• Task directions
Nothing outside the stretch is wanted. Repeat exactly the lines of the listing below from the one that contains "Born2be - Niebieskie" through the one that contains "但这仍然是一个长期的缓慢过程", both ends included.

• Material for the task
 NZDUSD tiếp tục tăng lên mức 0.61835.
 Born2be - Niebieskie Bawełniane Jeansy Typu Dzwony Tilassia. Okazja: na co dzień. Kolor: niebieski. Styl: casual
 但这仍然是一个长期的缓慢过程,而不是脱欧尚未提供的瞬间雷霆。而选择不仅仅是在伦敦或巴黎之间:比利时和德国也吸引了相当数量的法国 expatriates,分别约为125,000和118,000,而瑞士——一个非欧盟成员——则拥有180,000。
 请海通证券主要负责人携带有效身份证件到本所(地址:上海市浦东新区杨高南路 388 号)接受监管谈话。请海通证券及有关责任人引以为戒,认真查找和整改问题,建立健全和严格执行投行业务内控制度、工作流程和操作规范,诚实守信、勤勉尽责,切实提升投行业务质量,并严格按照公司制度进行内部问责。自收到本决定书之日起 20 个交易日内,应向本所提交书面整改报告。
* * *
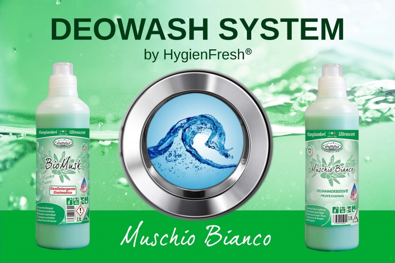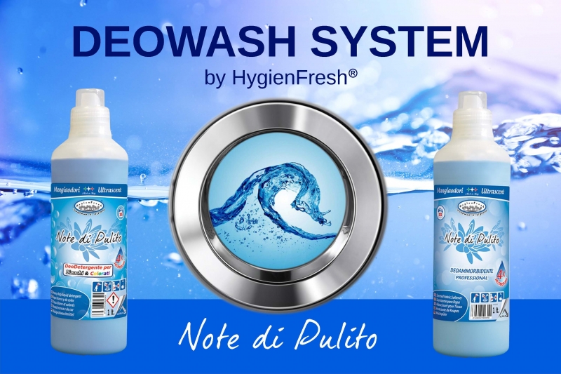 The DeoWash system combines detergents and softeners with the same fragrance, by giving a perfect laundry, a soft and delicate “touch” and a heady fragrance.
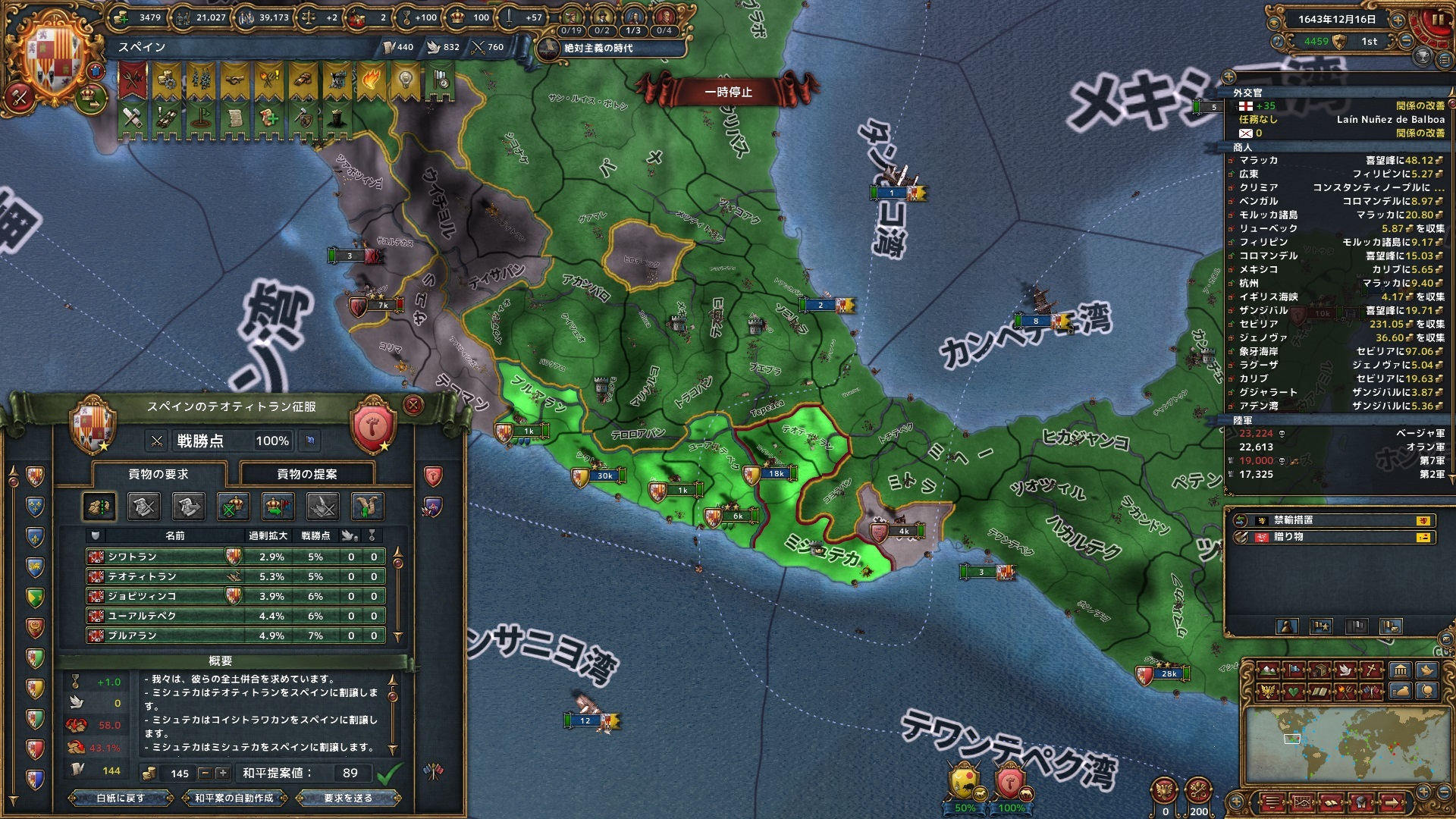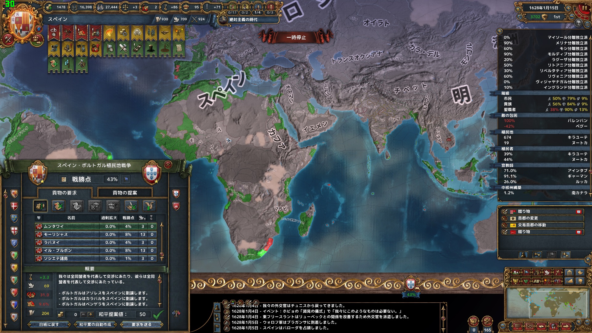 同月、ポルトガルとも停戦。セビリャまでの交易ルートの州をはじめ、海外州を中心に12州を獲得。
--
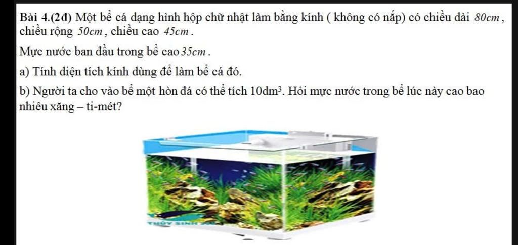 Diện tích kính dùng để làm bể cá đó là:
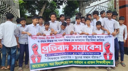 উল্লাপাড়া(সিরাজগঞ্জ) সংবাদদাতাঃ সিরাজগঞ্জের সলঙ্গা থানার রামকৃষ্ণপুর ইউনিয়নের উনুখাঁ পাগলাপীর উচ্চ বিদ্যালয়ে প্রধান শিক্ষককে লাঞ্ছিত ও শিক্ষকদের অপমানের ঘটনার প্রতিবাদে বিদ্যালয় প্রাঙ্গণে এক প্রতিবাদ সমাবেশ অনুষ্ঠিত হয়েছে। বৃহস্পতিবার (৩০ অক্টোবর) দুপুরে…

• Result for this task
 Born2be - Niebieskie Bawełniane Jeansy Typu Dzwony Tilassia. Okazja: na co dzień. Kolor: niebieski. Styl: casual
 但这仍然是一个长期的缓慢过程,而不是脱欧尚未提供的瞬间雷霆。而选择不仅仅是在伦敦或巴黎之间:比利时和德国也吸引了相当数量的法国 expatriates,分别约为125,000和118,000,而瑞士——一个非欧盟成员——则拥有180,000。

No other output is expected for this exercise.